Can you explain in more detail how the configuration of the opera is determined by a computer-generated time code? From the description I read, it sounds like there are pieces that make up the opera, but that the order of those pieces is determined each night… am I way off? Does this mean that the text isn’t always delivered in the original order?

Yes, that’s exactly right. Each night the order changes, the durations of each aria changes (within set limits), the orchestral music changes so that sometimes a singer is singing with a full, complex orchestral texture, and the next night the same aria sung against a solo english horn (for example). The lighting changes, the video, the movement, the live electronics, etc. all change for each iteration of the piece, the changes being determined through chance operations and random number generators [that is "I" have nothing to do with it!]. We do the opera in two “acts”, each act being a different version of the poem, so that the audience can experience this “shift” within a single evening’s performance.

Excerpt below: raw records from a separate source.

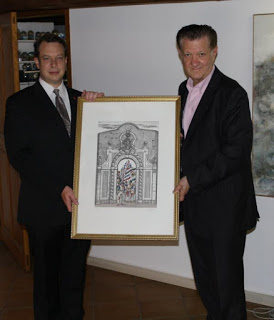 | Jacques Montaignac, responsable du jumelage et David Price, secrétaire générale du comité de jumelage, avec un tableau représentant la ville de Sienne, jumelée avec Avignon |
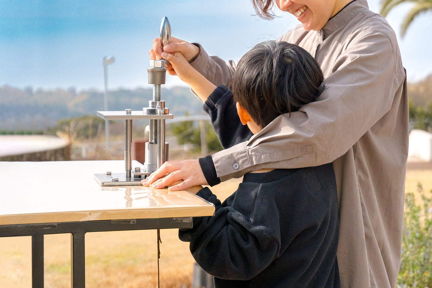 使う機械も特別です。淡路島の洲本実業高校の生徒さんたちが約2年かけて作った手回しの機械で、高さ調整もでき、小さなお子さんも一緒に楽しめます。
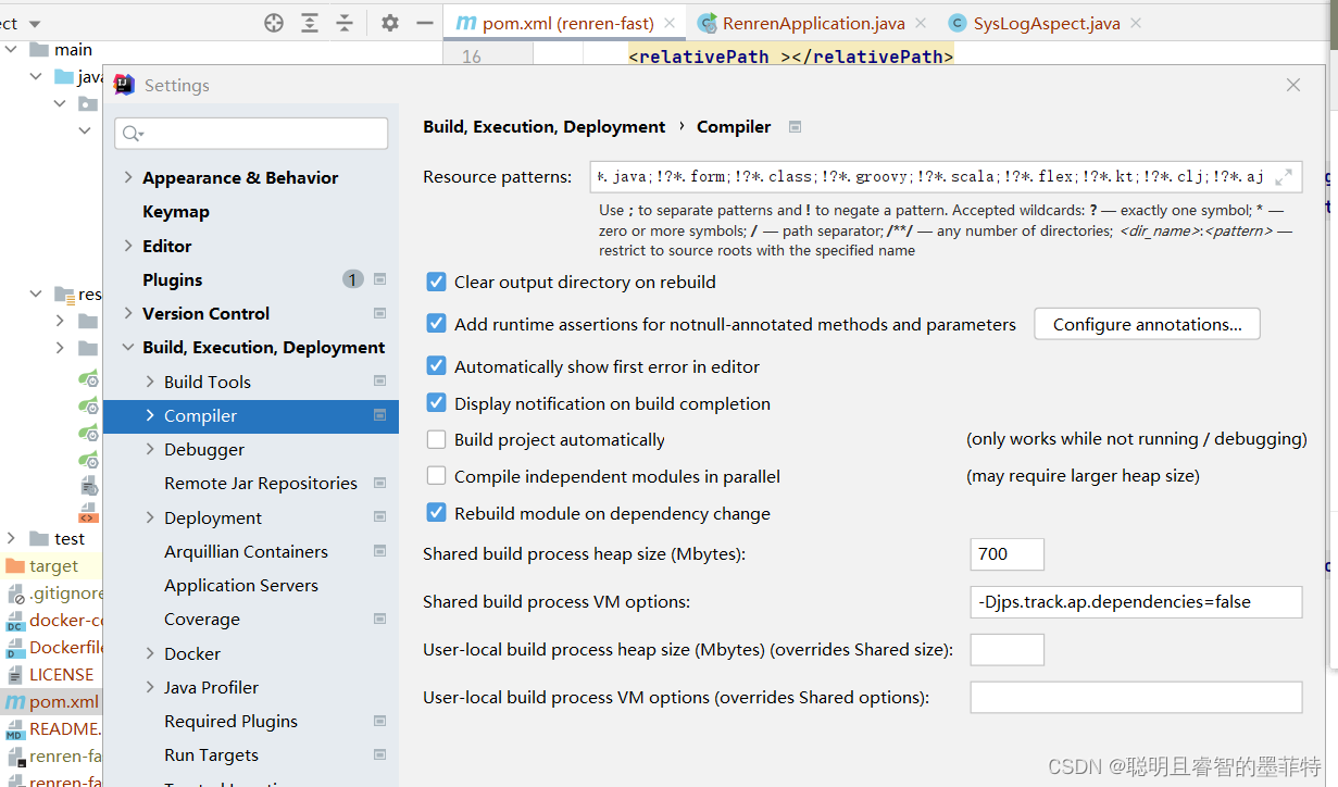 打开settings–Build,Execution…–Compiler 在Shared build process VM opyions:处填写 -Djps.track.ap.dependencies=false
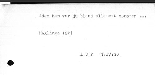 //// ' " : . ! //// Adam han var ju bland alla ett mönster ... //// Häglinge (Sk) //// L U F 3517:20. ////
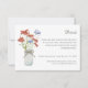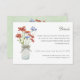 Rustic details card featuring watercolor meadow wildflowers in a white ball jar. On the other side a wildflower wreath on green watercolor wash background, flowers such as poppies, cornflowers and grass.
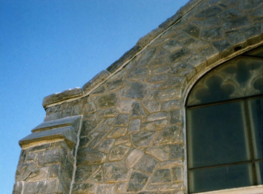 Another wonderful detail includes the anchoring of the stone coping on the tops of the gable ends. Figures 17 and 19 also show examples of using horizontal stones to restrain the sloping copings. Figure 21 provides a close-up. The slope helps shed water naturally. Another historic means for creating copings uses metal (see Figure 20); these too shed water and protect the walls below. Interestingly, many newer buildings use stone copings that are anchored or pinned to the wall below without the horizontal stones (Figure 22 from a church in Bennington, VT). These copings are prone to leaking into the top of the joints and damaging the walls.
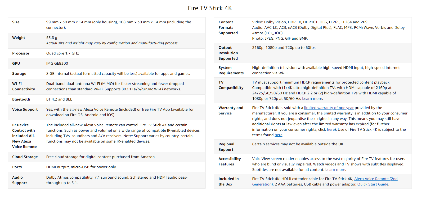 This year’s model has some small but crucial updates; the Fire TV Stick now supports HDR in the form of HDR 10, 10+ and Dolby Vision. As far as I am aware, this makes this easily the cheapest Dolby Vision/HDR10+ device on the market, and the Apple TV 4K is the only other option unless you get a DVD player or an Xbox One X.
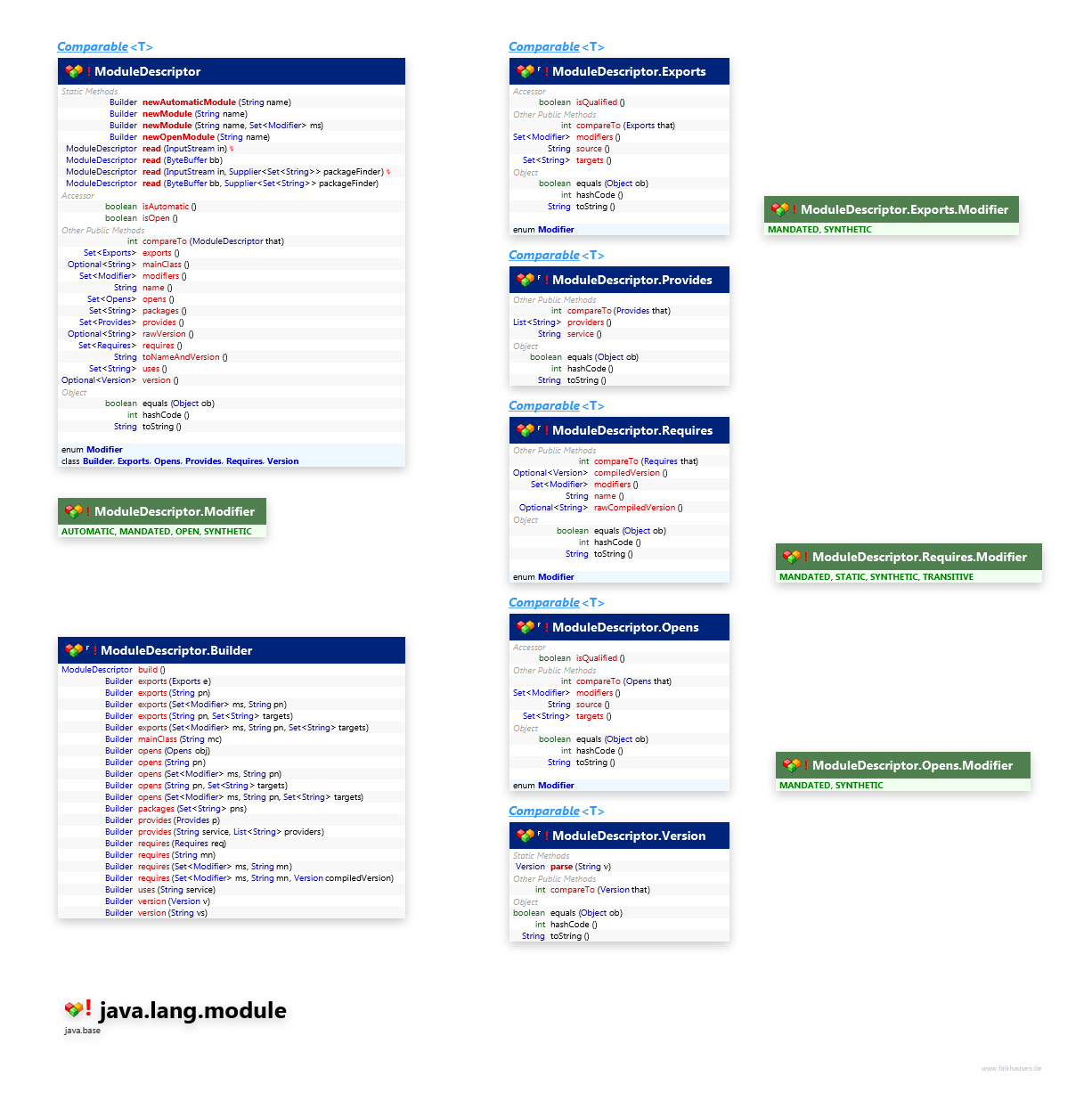 ModuleDescriptor, Builder, Exports, Modifier, Modifier, Opens, Modifier, Provides, Requires, Modifier, Version
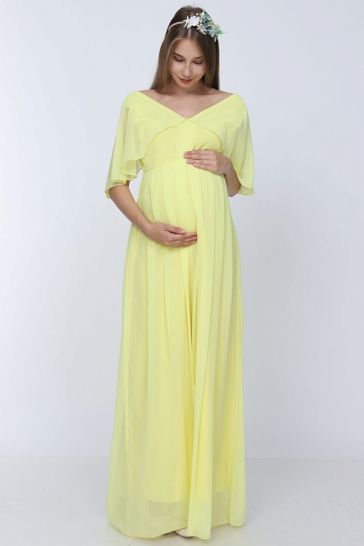MODA LABİO Melek Kol Hamile Elbisesi Sarı
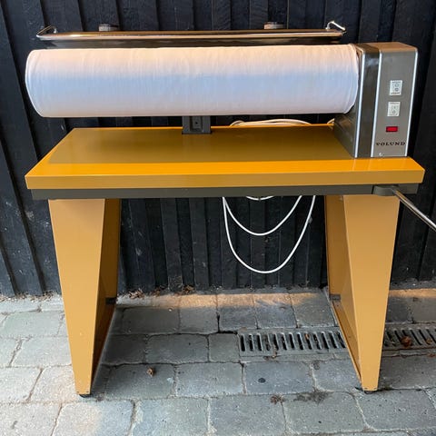 Elektrisk strygerulle fra Vølund. Der er for nylig skiftet ledning ved elektriker fra rulle til strømstik og fra rulle til pedal. Den fungerer godt, men er selvfølgelig præget af at være en gammel model.
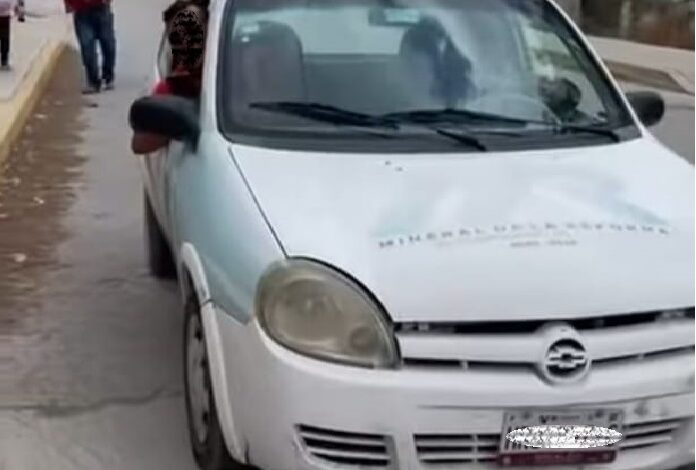 Los servidores públicos fueron captados espiando y tomando fotos al candidato a distancia en un vehículo oficial Chevrolet Chevy propiedad del gobierno municipal.
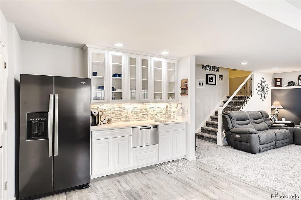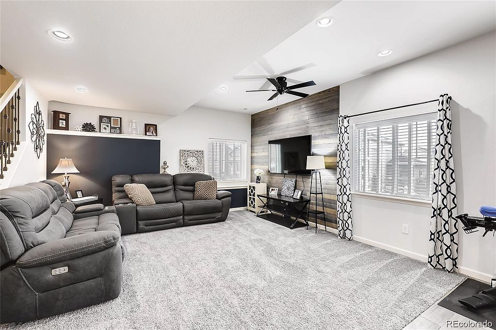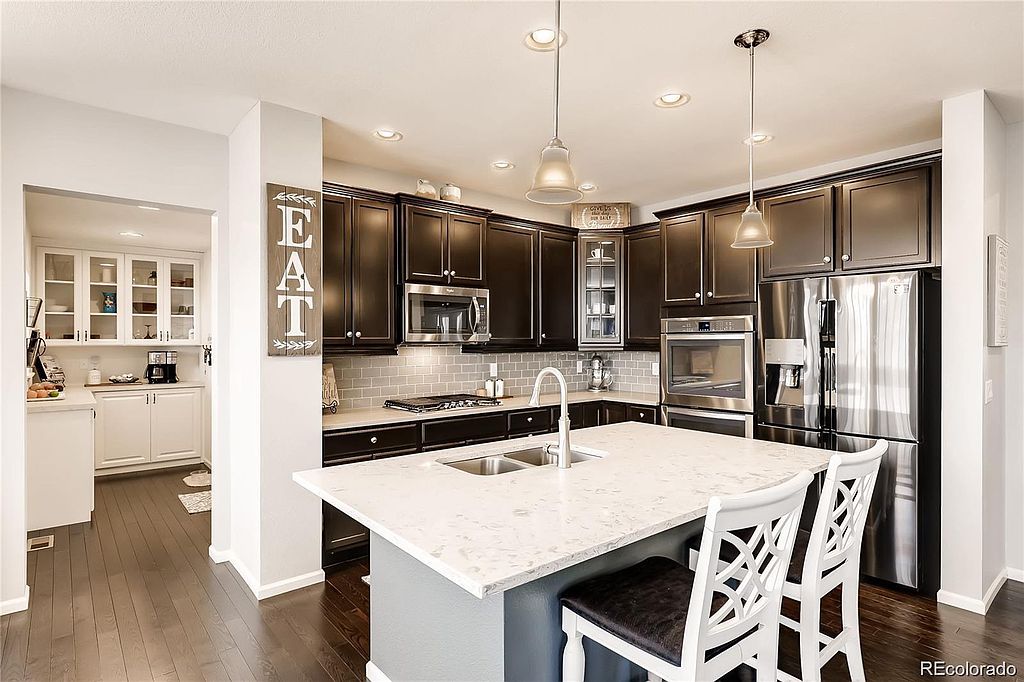 Gorgeous planned community with trails, open space, two lakes, and a park setting. Gourmet kitchen with double ovens, granite countertops, walk-in pantry with custom pantry organizers, and spacious butler's pantry. The formal dining area leads to a covered deck with amazing mountain and lake views. Main floor is also host to a lovely home office/den area that is front facing and looks out to the meticulously kept front yard. Primary suite with over-sized shower and custom closet organizers for plenty of storage. Beautifully finished walk-out basement with kitchenette, large bedroom, bathroom, and very spacious entertainment area. Natural light throughout the entire house keeps it light, bright, and inviting. Professional landscaping includes gas fire pit and custom built shed. Lots of extra side walk and concrete work. This home is an organizers dream come true! Call today for a private showing and more details! MORE PHOTOS COMING SOON!
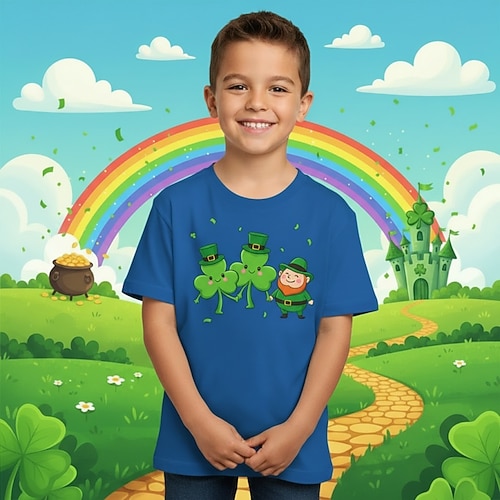 100% Cotone Giorno di San Patrizio Bambini Ragazzi Blu Nero Bianco Trifoglio Giorno di San Patrizio Maglietta Blusa Girocollo Manica Corta All'aperto Abbigliamento Quotidiano Moda Streetwear Designer
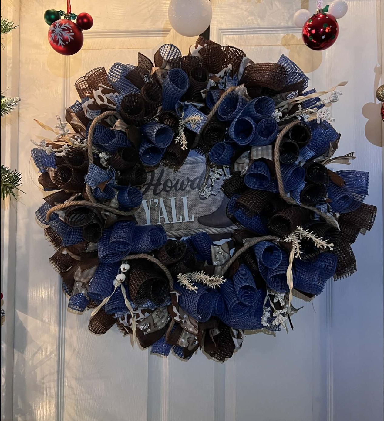 The mini custom wreath is a 10 inch wreath that can be customized to any color and theme of your choosing. The price ranges from $25-$35 depending on the detail, use the “Contact Me” feature to send inquiries!

And it will be a premiere every night!

I wonder if King has each performance filmed to preserve it for posterity? This video was uploaded to Vimeo (and also to YouTube) by the composer himself. Video appears to play a major role in the opera as well, and its design is credited to Pablo Molina.

The composition flowed directly from the sound of the poem in French, King said, which is one reason I wanted to feature this video here.

I was setting other Mallarmé texts, to be combined in a group of songs with texts by Verlaine, Baudelaire, Rimbaud and Artaud. At the end of this one collection was Un coup de Dés/Dice Thrown. I was immediately struck by its visual appearance, by its use of different text styles and font sizes and by the sound of the words when read in French. There is no rhyme scheme per se, but the words have what I call an “internal rhyme”, where vowel sounds within words of a phrase or line are the same, or consonant sounds are reiterated, so that I immediately heard these wonderful shifting rhythms of sound.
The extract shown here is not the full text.